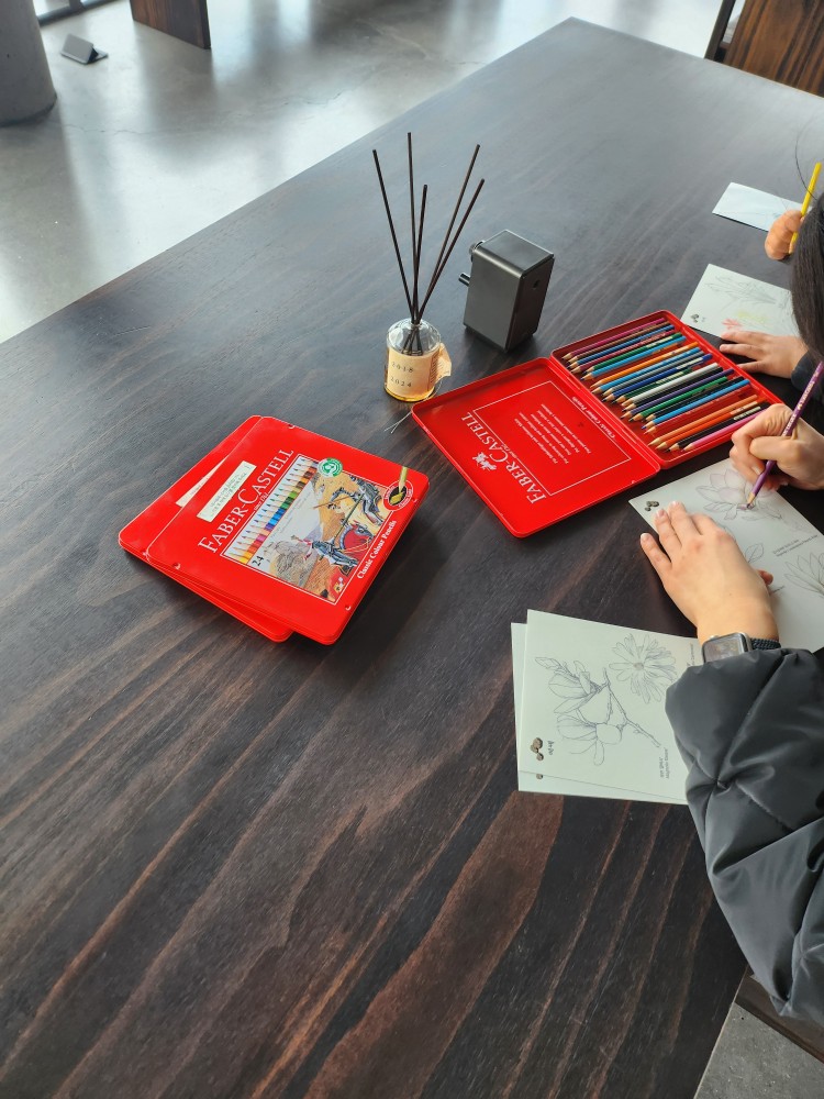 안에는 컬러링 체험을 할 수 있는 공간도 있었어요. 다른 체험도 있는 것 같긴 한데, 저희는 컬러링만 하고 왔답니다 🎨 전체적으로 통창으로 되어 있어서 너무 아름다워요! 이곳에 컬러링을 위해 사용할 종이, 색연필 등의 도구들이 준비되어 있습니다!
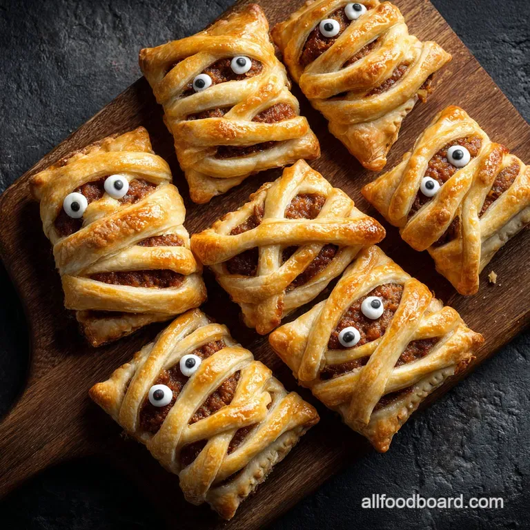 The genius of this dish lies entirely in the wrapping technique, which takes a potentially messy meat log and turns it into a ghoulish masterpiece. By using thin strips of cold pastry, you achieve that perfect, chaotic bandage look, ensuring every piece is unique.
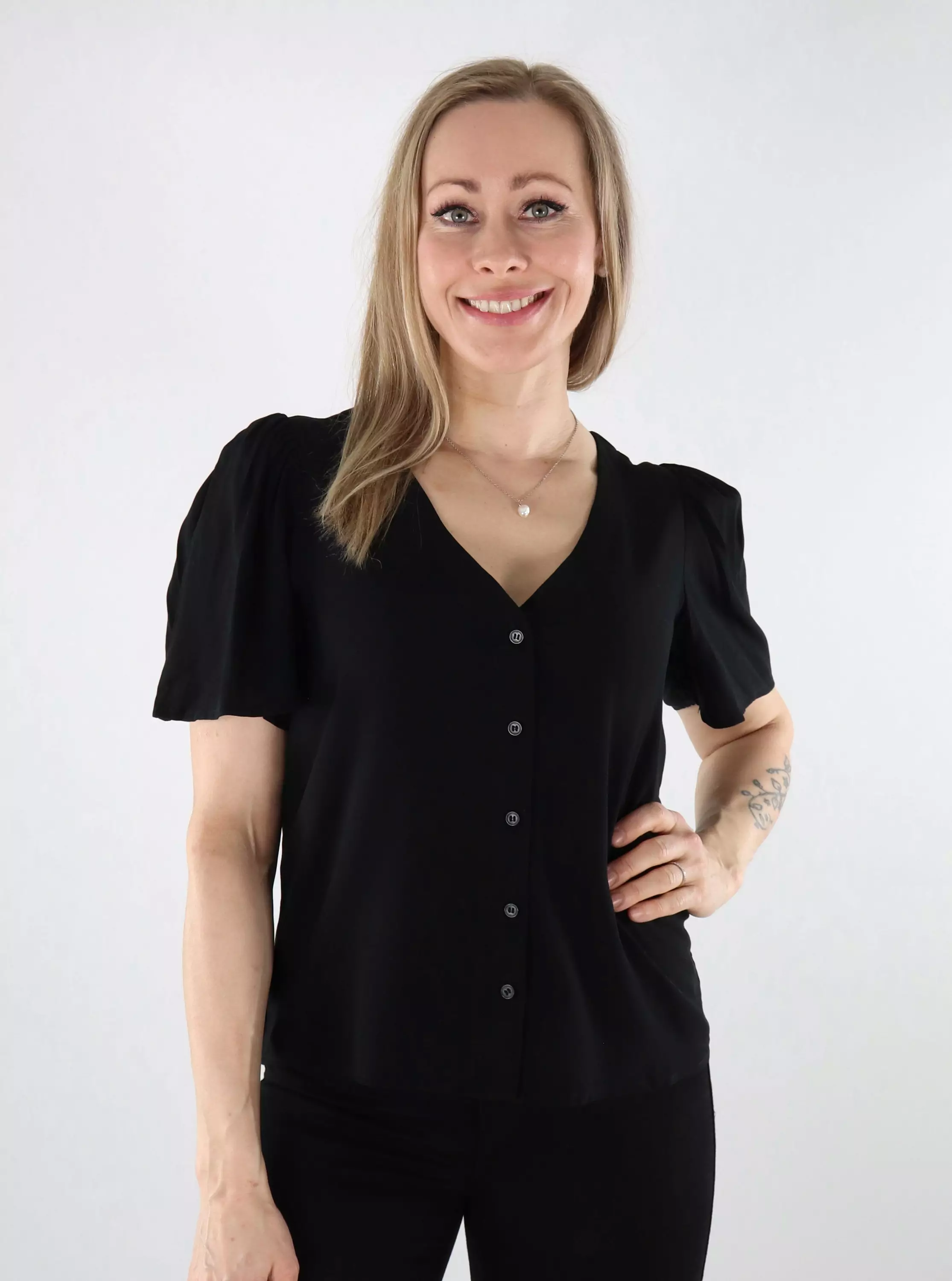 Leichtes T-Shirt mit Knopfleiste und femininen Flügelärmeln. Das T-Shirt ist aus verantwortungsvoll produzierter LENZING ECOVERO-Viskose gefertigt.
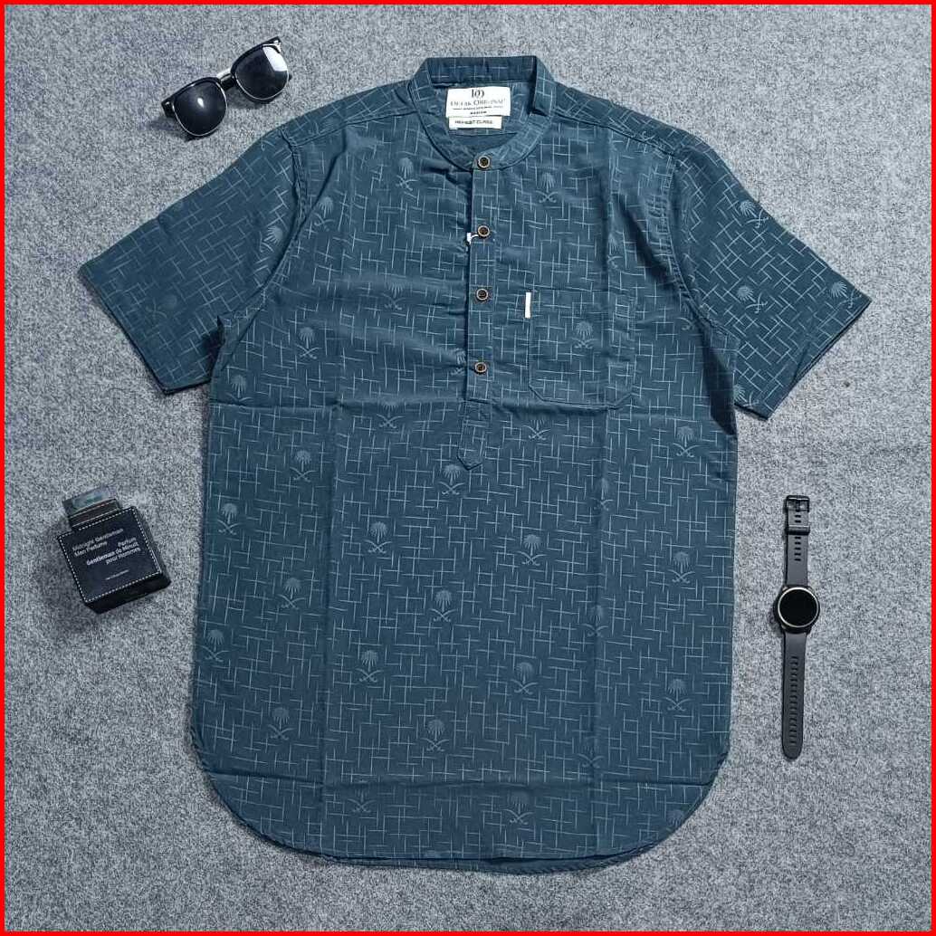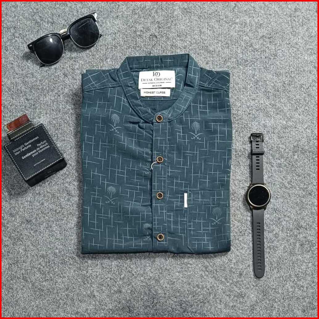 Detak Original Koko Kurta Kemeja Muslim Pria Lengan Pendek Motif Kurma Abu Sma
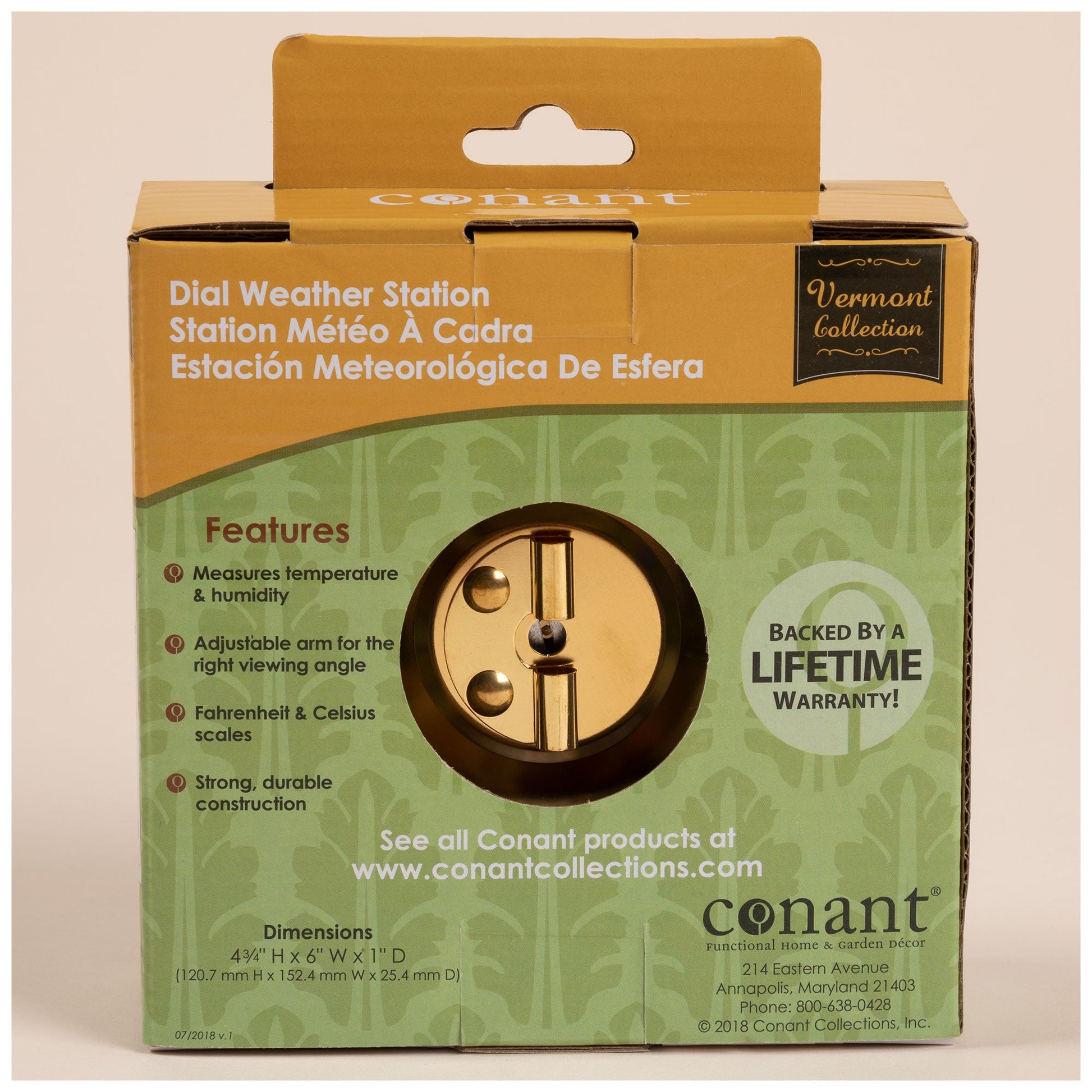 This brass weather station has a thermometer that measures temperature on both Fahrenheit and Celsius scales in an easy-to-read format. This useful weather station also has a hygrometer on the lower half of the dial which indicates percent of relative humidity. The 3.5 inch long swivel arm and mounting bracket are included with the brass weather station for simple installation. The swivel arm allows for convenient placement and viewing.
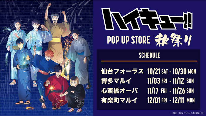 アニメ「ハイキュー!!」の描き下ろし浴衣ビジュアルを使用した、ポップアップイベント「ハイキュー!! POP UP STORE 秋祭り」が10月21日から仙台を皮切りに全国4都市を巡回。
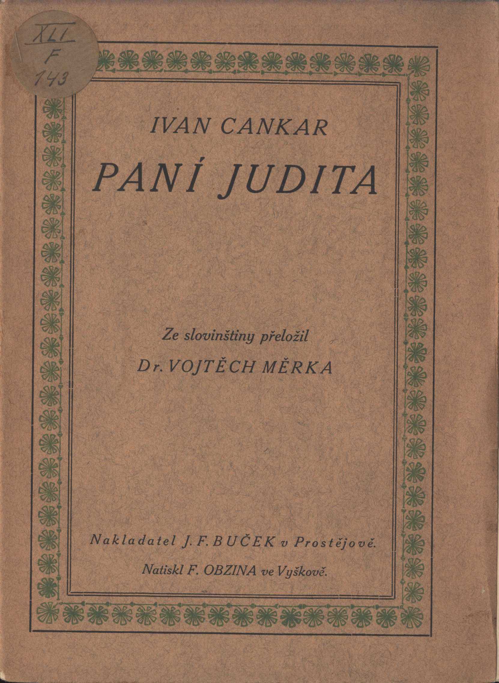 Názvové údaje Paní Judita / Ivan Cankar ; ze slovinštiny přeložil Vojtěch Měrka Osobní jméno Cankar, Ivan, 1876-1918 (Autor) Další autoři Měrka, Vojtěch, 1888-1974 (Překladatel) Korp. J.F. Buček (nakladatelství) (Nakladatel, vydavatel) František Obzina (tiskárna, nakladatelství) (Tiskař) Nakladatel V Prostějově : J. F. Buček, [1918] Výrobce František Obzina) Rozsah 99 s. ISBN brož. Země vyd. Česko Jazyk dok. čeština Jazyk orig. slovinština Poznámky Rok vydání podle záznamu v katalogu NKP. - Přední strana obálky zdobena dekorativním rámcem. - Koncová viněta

━━━

Work required ▸ Reproduce the records exactly, images excluded.

Task output ▸
 안에는 컬러링 체험을 할 수 있는 공간도 있었어요. 다른 체험도 있는 것 같긴 한데, 저희는 컬러링만 하고 왔답니다 🎨 전체적으로 통창으로 되어 있어서 너무 아름다워요! 이곳에 컬러링을 위해 사용할 종이, 색연필 등의 도구들이 준비되어 있습니다!
 The genius of this dish lies entirely in the wrapping technique, which takes a potentially messy meat log and turns it into a ghoulish masterpiece. By using thin strips of cold pastry, you achieve that perfect, chaotic bandage look, ensuring every piece is unique.
 Leichtes T-Shirt mit Knopfleiste und femininen Flügelärmeln. Das T-Shirt ist aus verantwortungsvoll produzierter LENZING ECOVERO-Viskose gefertigt.
 Detak Original Koko Kurta Kemeja Muslim Pria Lengan Pendek Motif Kurma Abu Sma
 This brass weather station has a thermometer that measures temperature on both Fahrenheit and Celsius scales in an easy-to-read format. This useful weather station also has a hygrometer on the lower half of the dial which indicates percent of relative humidity. The 3.5 inch long swivel arm and mounting bracket are included with the brass weather station for simple installation. The swivel arm allows for convenient placement and viewing.
 アニメ「ハイキュー!!」の描き下ろし浴衣ビジュアルを使用した、ポップアップイベント「ハイキュー!! POP UP STORE 秋祭り」が10月21日から仙台を皮切りに全国4都市を巡回。
 Názvové údaje Paní Judita / Ivan Cankar ; ze slovinštiny přeložil Vojtěch Měrka Osobní jméno Cankar, Ivan, 1876-1918 (Autor) Další autoři Měrka, Vojtěch, 1888-1974 (Překladatel) Korp. J.F. Buček (nakladatelství) (Nakladatel, vydavatel) František Obzina (tiskárna, nakladatelství) (Tiskař) Nakladatel V Prostějově : J. F. Buček, [1918] Výrobce František Obzina) Rozsah 99 s. ISBN brož. Země vyd. Česko Jazyk dok. čeština Jazyk orig. slovinština Poznámky Rok vydání podle záznamu v katalogu NKP. - Přední strana obálky zdobena dekorativním rámcem. - Koncová viněta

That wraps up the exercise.